Boredom Ambushes the Unwary – Grapevine Article April 1950 by J.F.

PAGING Solomon with all his wisdom!

What makes some of us take that first drink? We can get as many answers to that perennial question as there are unfortunate slipees.

It has been my experience that boredom sets an emotional trap for all of us. The eager beaver in AA, full of inspirational fire and fervor, very often gets fed-up and suffers a corresponding let-down. The post-honeymoon period is another dangerous time for many of us. And what about those who have anywhere from one to 15 years of uninterrupted sobriety? Boredom, and its by-products of inertia and restlessness, lurks in wait for them, too.

No one–but no one–is completely immune to periodic attacks of this devastating state of mind. It generally waits until we have lulled ourselves into a feeling of security. And then it strikes!

Boredom is an insidious, creeping mental paralysis that can depress all mankind, wet or dry.

It’s a constant and definite menace to every AA and it can only be handled intelligently and effectively at the beginning of each attack. Learn how to detect the signs in yourself–and do something about it right away! Don’t wait until you’re in the middle of it. An ounce of prevention is always worth a pound of cure to the alcoholic.

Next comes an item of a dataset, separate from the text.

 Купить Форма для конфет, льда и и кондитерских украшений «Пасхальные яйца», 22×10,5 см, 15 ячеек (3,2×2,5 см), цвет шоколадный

Personally, it is absolutely necessary for me to be on guard against it in all its many and diverse forms.

I try to remember that even though I’m a dry alcoholic, and without a slip, I am a human being first. And as such, I’m subject to all the emotionally destructive things that arise to plague men and women, whether they drink or not.

Simply being sober doesn’t give me protection against boredom and its inseparable companion, mental depression. My protection can only come from knowing myself and my temperament, and what might be harmful to me and my sobriety. And doing something about it before it’s too late.

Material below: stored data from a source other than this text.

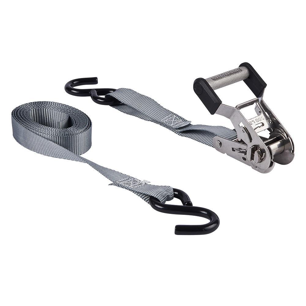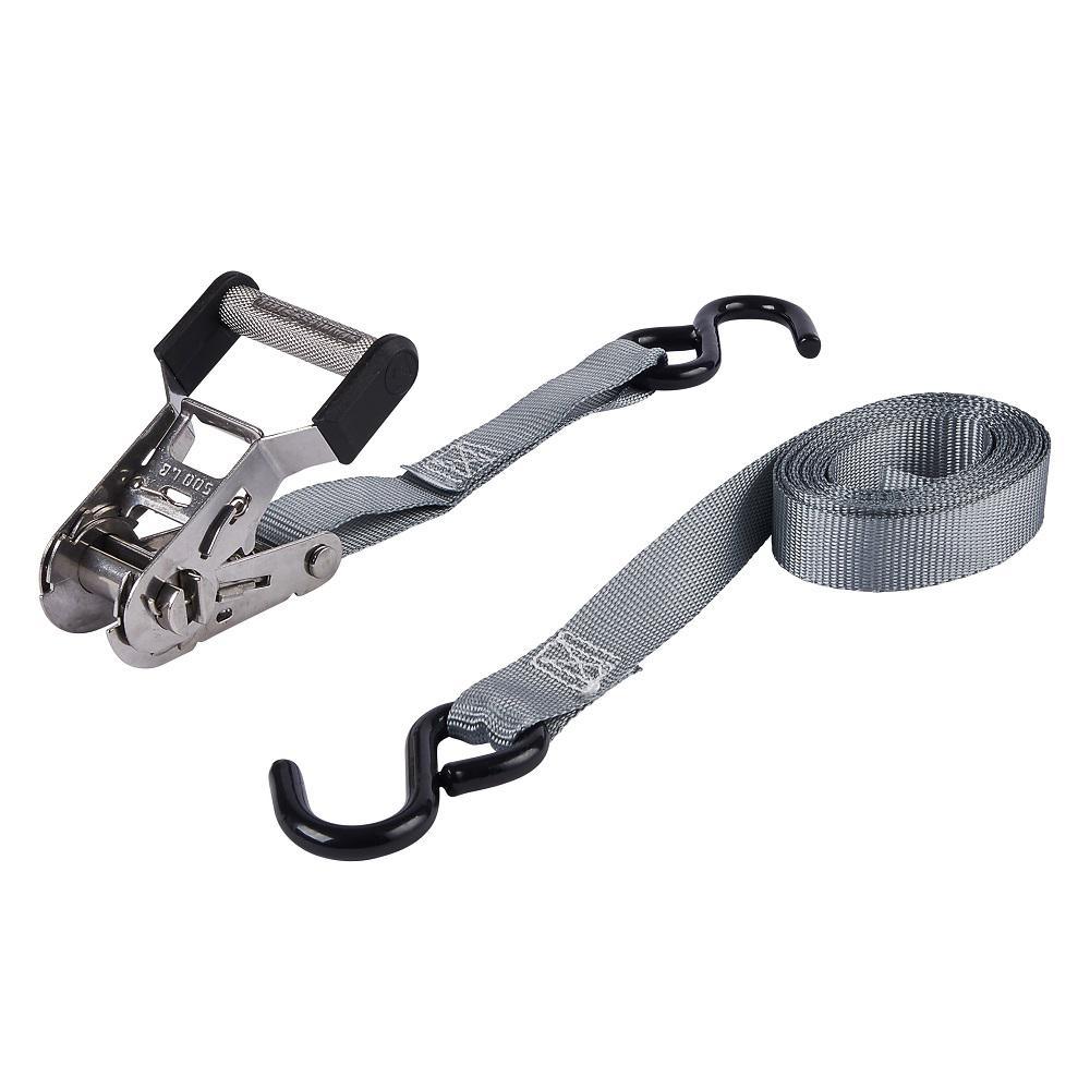 The Keeper 12 ft. Stainless Steel Ratchet Tie-Down features an abrasion-resistant 1 in. Hi-Test webbing to absorb shock during transportation, corrosion-resistant ratchet buckle, open molded handle, and heavy-duty vinyl covered s-hooks to prevent scratching and marring. The ratchet buckle is designed with a rotating gear and lever mechanism latch to tighten and secure light to medium loads. To engage, attach the hook to an anchor point, secure webbing over cargo load, pull webbing to desired tension leaving a bit of slack and ratchet by raising and lowering the handle. The webbing then locks into place to secure the cargo.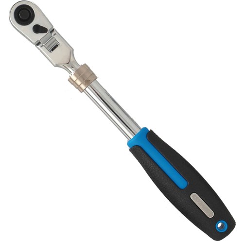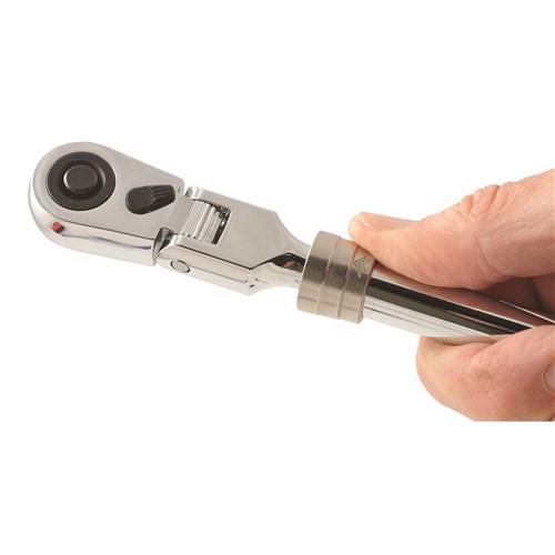 Kincrome Telescopic Flex Head Ratchet, 3/8" Drive. The flexible head is a unique feature that can support any angle within 180 Degree radius. This 72 teeth reverse gear ratchet offers the ability to work in a minimal amount of space allowing the user to work in tight, confined & difficult spaces. The telescopic handle allows the user to extend the handle to 375mm or shorten to 255mm for greater access, with 6 locking positions. Manufactured from Chrome Vanadium Steel this ratchet also features a quick release button which secures sockets to the ratchet & releases them with a single push.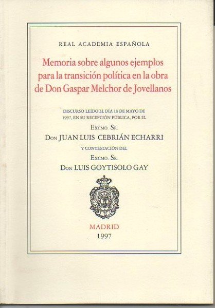 MEMORIA SOBRE ALGUNOS EJEMPLOS PARA LA TRANSICION POLITICA EN LA OBRA DE DON GASPAR MELCHOR DE JOVELLANOS. DISCURSO LEIDO EL DÍA 18 DE MAYO DE 1997.

This was my pattern of boredom at one time.

First, I’d become fed-up with my family and friends. Next, with my job. Finally, AA and the people in it would start to rub me the wrong way and life in general attained a bilious hue.

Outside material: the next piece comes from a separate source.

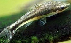 Denne lille dværgsugemalle har vi fået hjem fra Colombia. Den bliver ikke meget større end 4cm, den kræver en god alsidig kost med bla. mallepiller og alger i akvariet. - Den er udpræget stimefisk der i små flokke afsøger akvariet for fødeemner.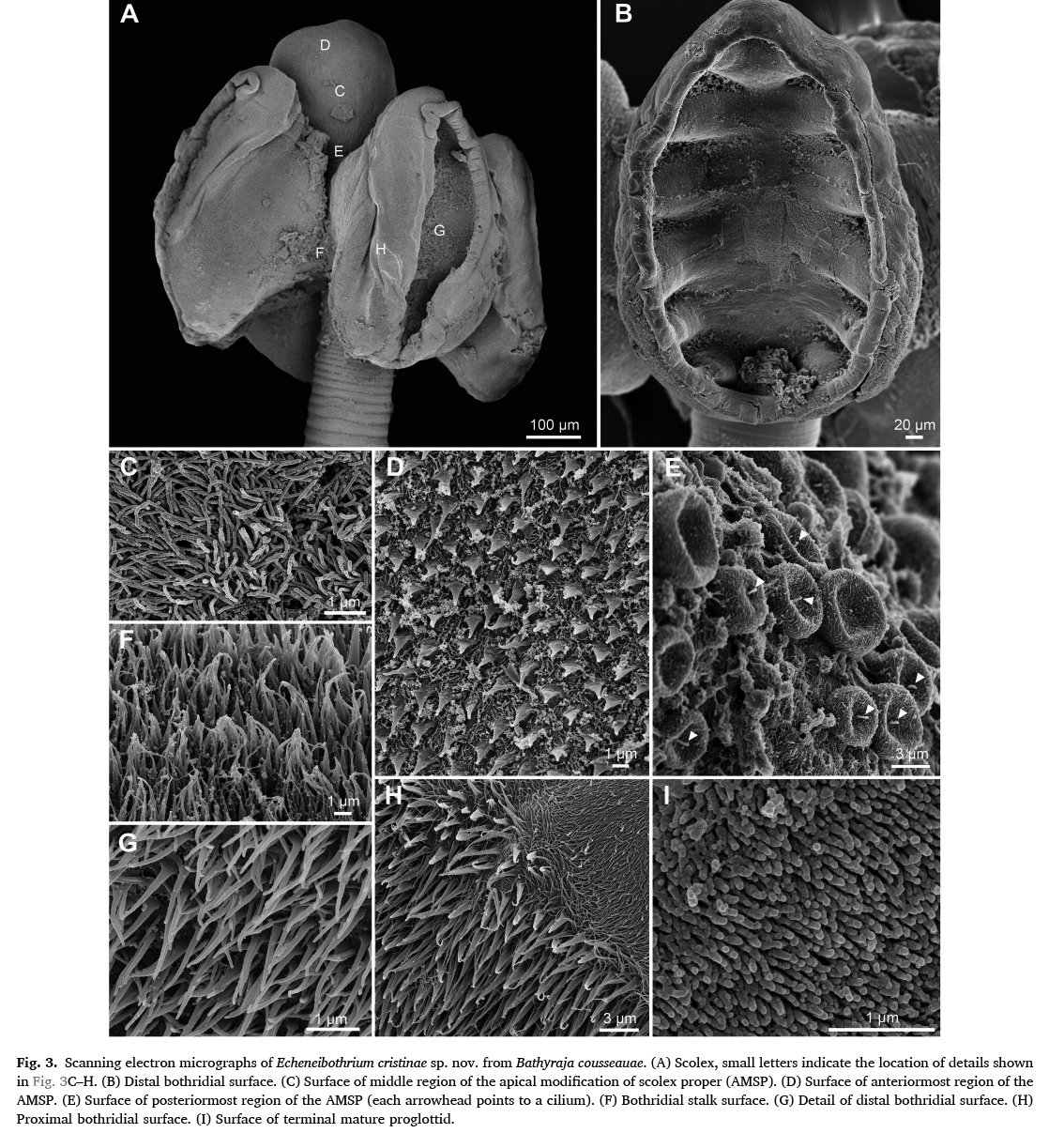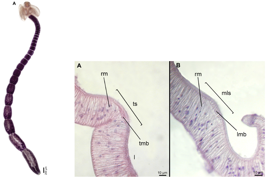 Fig. 1. [left] Light micrographs of whole mature worms of Echeneibothrium spp. from the Argentine Sea. (A) Echeneibothrium cristinae sp. nov. from Bathyraja cousseauae

The people I usually liked to be with suddenly became unbearably stupid. I wondered how my family could be so silly and selfish and my business associates act like jackasses. AA meetings were all monotonously alike, gathering places for self-important people, particularly the speakers. Life was dull–life was meaningless–and sobriety an onerous and depressing way of finding happiness.

When boredom really laid its constricting hands on me, everything was an effort. Trifles became mountainous obstacles. I didn’t speak to people; I grunted or snarled. My nose was out of joint about everything. Nothing pleased me and everything displeased me. Loneliness and despair were my existence.

I have a fairly steady hand now–but there were times in the past when I couldn’t lift a cup or fork. My clothing is pressed and clean–but it wasn’t that way before. My days and nights are free of dread–but when I drank, they were filled with despair and, sometimes, hallucinations.

I’m not kidding myself. This hand of mine will shake again. My clothing will be filthy once more. And many other things which happened to me in the past will torture me again–if I’m fool enough to become bored.

History tells us that Solomon was a smart apple. But even he, with all his wisdom, wouldn’t be able to prevent a frequently or chronically bored alcoholic from being a sucker for that first drink.